• PROVIDED RECORDS:
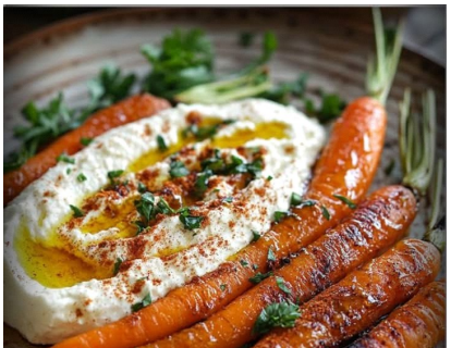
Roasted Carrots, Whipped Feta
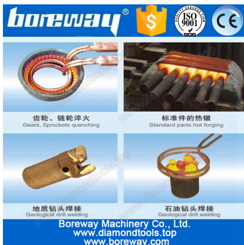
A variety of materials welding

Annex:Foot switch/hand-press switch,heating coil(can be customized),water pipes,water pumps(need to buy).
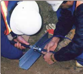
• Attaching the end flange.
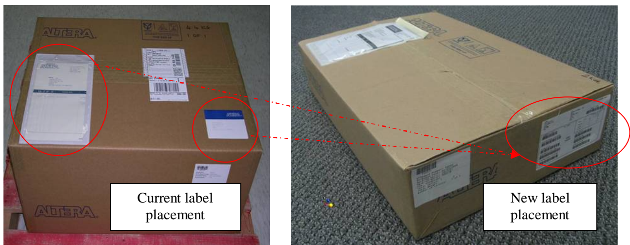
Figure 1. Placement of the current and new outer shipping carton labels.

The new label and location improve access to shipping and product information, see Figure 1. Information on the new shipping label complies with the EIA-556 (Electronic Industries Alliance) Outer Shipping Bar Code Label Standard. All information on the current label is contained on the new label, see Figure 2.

* * *

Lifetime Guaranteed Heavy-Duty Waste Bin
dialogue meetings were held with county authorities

...

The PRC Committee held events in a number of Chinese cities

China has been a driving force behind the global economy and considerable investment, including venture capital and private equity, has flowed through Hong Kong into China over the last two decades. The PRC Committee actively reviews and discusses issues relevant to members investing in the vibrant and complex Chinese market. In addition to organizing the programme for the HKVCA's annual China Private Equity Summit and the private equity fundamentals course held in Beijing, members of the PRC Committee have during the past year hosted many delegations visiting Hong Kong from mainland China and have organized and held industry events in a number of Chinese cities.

• REQUIREMENT:
The output should be exactly the lines above from the line containing "The PRC Committee held" to the line containing "China has been", inclusive, with no other lines.

• TASK OUTPUT:
The PRC Committee held events in a number of Chinese cities

China has been a driving force behind the global economy and considerable investment, including venture capital and private equity, has flowed through Hong Kong into China over the last two decades. The PRC Committee actively reviews and discusses issues relevant to members investing in the vibrant and complex Chinese market. In addition to organizing the programme for the HKVCA's annual China Private Equity Summit and the private equity fundamentals course held in Beijing, members of the PRC Committee have during the past year hosted many delegations visiting Hong Kong from mainland China and have organized and held industry events in a number of Chinese cities.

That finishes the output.